C# . net [dot net] Framwork
unit 1 notes
INTRODUCTION TO C#
CLR and JIT compiling :
• C#, like Java, is executed indirectly through an abstract computer architecture called the CLR.
– CLR => Common Language Runtime.
– Abstract, but well defined.
• C# programs are compiled to an IL.
– Also called MSIL, CIL (Common Intermediate Language) or bytecode.
• The CLR transforms the CIL to assembly instructions for a particular hardware architecture.
– This is termed jit'ing or Just-in-time compiling.
– Some initial performance cost, but the jitted code is cached for further execution.
– The CLR can target the specific architecture in which the code is executing, so some performance gains are possible.
• All .NET languages compile to the same CIL.
• Each language actually uses only a subset of the CIL.
• The least-common denominator is the Common Language Specification (CLS).

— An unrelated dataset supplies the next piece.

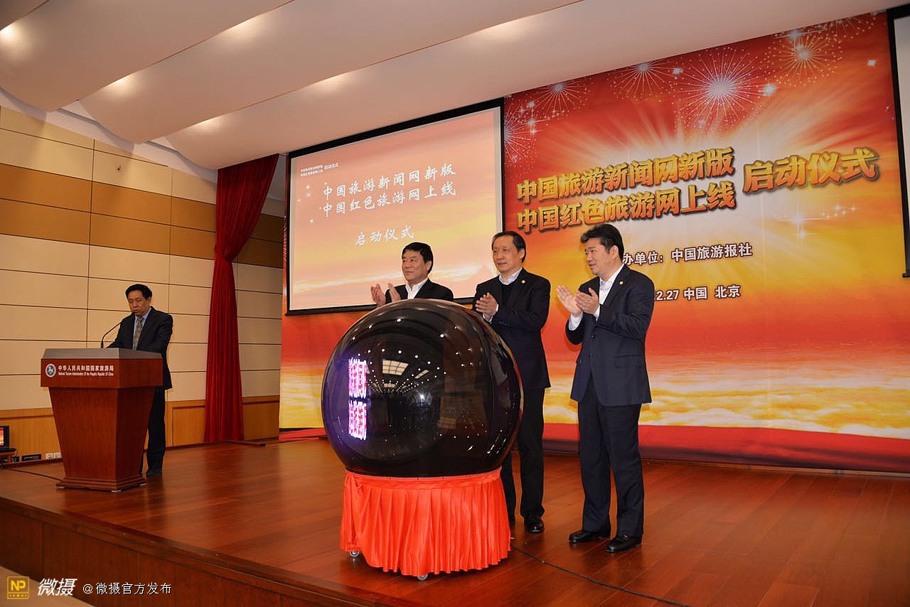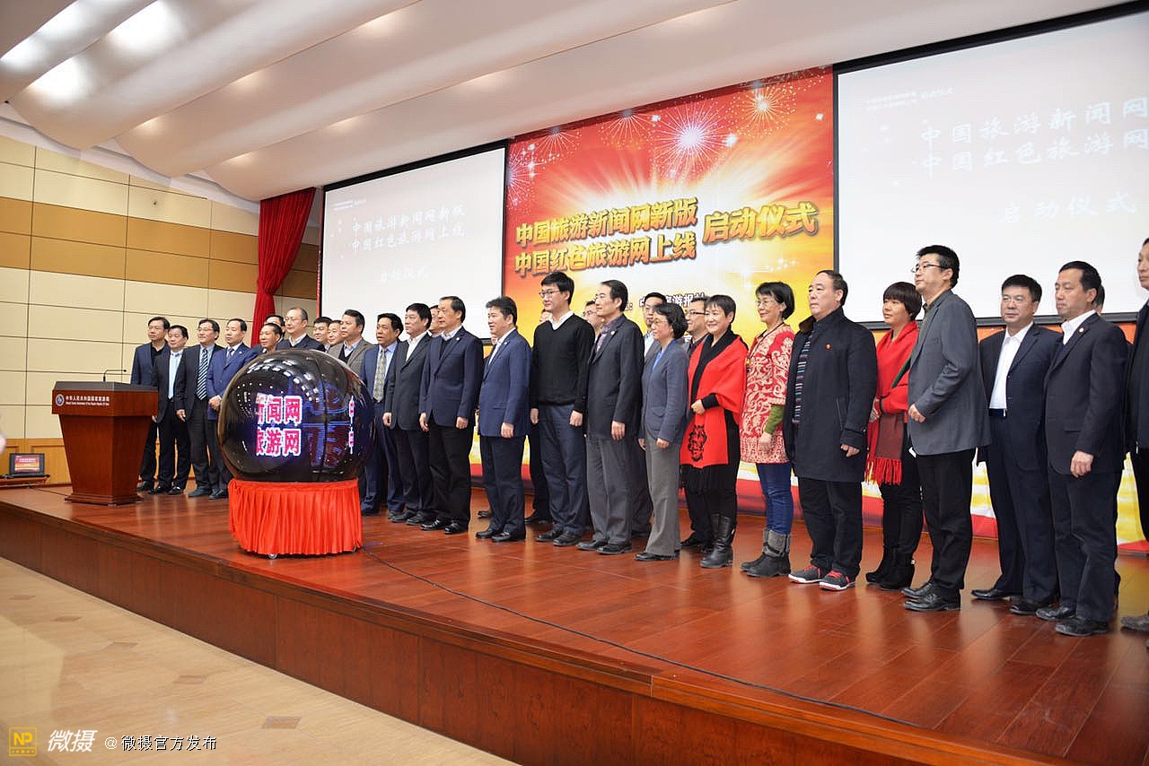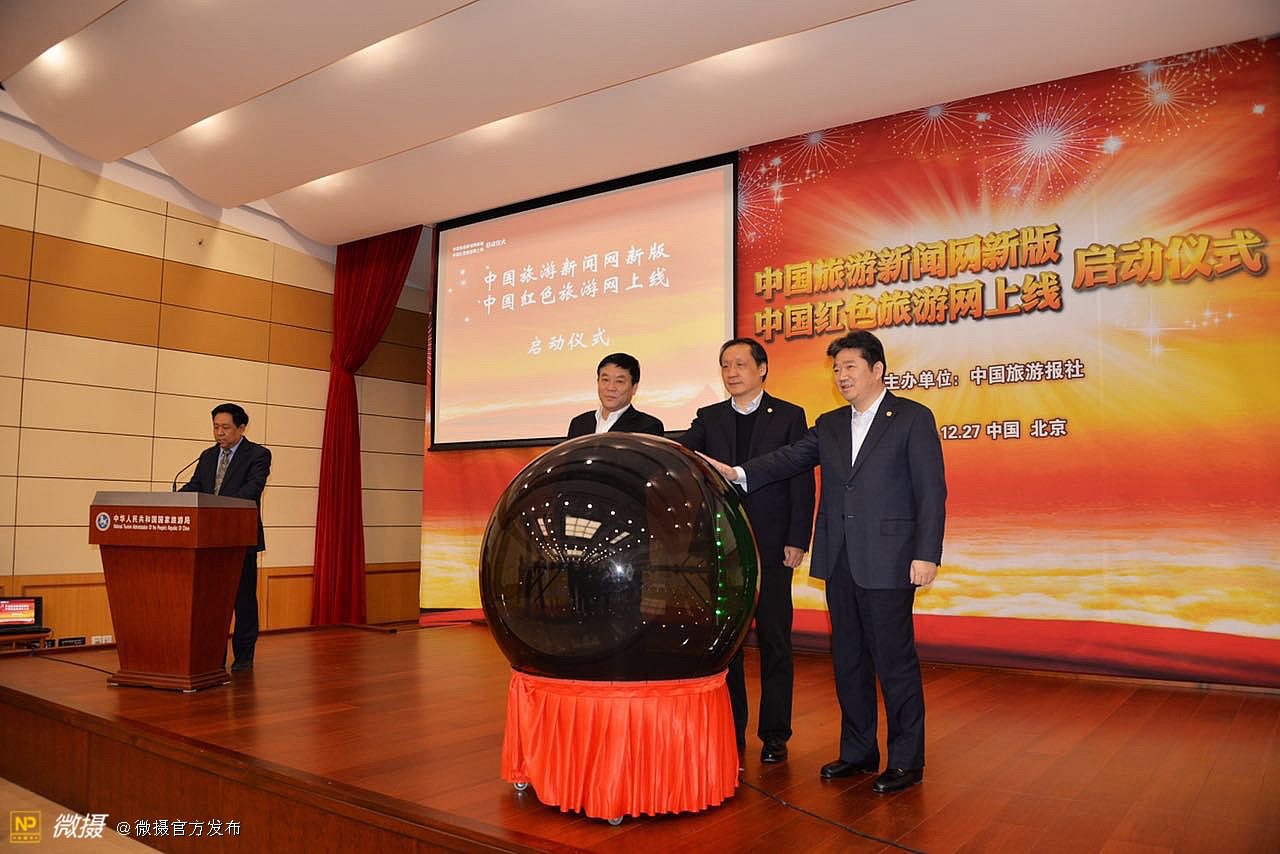 国家旅游局李金早局长、李世宏副局长、魏洪涛副局长一起上台触摸水晶球启动两网上线,参加启动仪式的有来自相关部委和单位的嘉宾、国家旅游局有关司室及直属单位负责人、有关省区旅游局(委)负责人及有关企业集团负责人。

• So, if you want to use your C# components in Visual Basic you need to program to the CLS.
CLR versus CLI :
• CLR is actually an implementation by Microsoft of the CLI (Common Language Infrastructure) .
• CLI is an open specification.
• CLR is really a platform specific implementation.

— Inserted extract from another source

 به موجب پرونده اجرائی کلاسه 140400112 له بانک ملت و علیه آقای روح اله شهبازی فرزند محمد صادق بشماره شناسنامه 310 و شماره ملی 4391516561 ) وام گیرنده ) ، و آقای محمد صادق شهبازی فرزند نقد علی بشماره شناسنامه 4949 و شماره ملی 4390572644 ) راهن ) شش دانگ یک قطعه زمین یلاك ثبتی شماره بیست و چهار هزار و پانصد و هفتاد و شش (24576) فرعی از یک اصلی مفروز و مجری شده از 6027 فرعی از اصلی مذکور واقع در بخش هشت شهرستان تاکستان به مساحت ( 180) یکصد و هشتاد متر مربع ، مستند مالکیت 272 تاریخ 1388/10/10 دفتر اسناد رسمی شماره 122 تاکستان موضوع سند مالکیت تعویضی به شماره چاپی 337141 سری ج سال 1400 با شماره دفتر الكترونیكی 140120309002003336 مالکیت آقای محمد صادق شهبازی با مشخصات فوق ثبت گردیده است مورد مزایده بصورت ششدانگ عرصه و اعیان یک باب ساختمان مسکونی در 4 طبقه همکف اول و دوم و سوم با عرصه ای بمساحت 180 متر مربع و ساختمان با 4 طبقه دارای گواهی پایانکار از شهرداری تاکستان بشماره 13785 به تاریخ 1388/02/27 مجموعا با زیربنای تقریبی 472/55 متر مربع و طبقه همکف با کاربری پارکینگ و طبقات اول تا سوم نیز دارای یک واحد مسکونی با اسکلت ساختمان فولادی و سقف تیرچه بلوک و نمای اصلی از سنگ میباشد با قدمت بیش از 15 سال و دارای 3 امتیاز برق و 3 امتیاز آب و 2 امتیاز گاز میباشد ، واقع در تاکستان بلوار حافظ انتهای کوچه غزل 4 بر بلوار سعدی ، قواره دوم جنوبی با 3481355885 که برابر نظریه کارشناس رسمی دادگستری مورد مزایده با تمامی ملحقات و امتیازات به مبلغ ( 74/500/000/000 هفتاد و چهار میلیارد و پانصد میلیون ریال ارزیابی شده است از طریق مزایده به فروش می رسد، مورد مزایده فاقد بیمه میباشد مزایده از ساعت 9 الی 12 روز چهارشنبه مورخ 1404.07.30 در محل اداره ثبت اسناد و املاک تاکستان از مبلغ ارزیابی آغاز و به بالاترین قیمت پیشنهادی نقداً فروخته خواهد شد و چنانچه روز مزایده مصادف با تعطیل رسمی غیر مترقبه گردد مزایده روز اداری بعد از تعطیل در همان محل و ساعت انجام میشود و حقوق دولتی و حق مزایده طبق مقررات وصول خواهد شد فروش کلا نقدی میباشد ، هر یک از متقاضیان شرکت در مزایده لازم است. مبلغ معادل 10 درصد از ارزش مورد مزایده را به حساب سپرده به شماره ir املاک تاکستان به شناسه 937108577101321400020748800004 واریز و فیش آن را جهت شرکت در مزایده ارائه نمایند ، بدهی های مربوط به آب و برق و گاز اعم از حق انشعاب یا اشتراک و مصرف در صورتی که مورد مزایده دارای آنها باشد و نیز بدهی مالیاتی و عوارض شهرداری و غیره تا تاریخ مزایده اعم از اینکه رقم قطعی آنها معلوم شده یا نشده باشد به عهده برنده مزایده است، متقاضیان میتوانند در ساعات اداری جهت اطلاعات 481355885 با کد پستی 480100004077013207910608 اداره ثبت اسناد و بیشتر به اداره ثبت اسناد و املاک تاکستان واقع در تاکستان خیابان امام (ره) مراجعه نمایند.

Common Language Infrastructure :
• CLI allows for cross-language development.
• Four components:
– Common Type System (CTS)
– Meta-data in a language agnostic fashion.
– Common Language Specification – behaviors that all languages need to follow.
– A Virtual Execution System (VES).
Common Type System (CTS) :
• A specification for how types are defined and how they behave.
– no syntax specified
• A type can contain zero or more members:
– Field
– Method
– Property
– Event
• CTS also specifies the rules for visibility and access to members of a type:
– Private
– Family
– Family and Assembly
– Assembly
– Family or Assembly
– Public
• Other rules
– Object life-time
– Inheritance
– Equality (through System.Object)
• Languages often define aliases
• For example
– CTS defines System.Int32 – 4 byte integer
– C# defines int as an alias of System.Int32
– C# aliases System.String as string.
Common Language System :
• A specification of language features
– how methods may be called
– when constructors are called
– subset of the types in CTS which are allowed
• For example
– Code that takes UInt32 in a public method
– UInt32 is not in the CLS
• Can mark classes as CLS-compliant
– not marked is assumed to mean not compliant.
CLS versus CLR :
Blittable types :
• Most of these types are blittable, meaning their memory layout is consistent across languages and hence, support interoperability.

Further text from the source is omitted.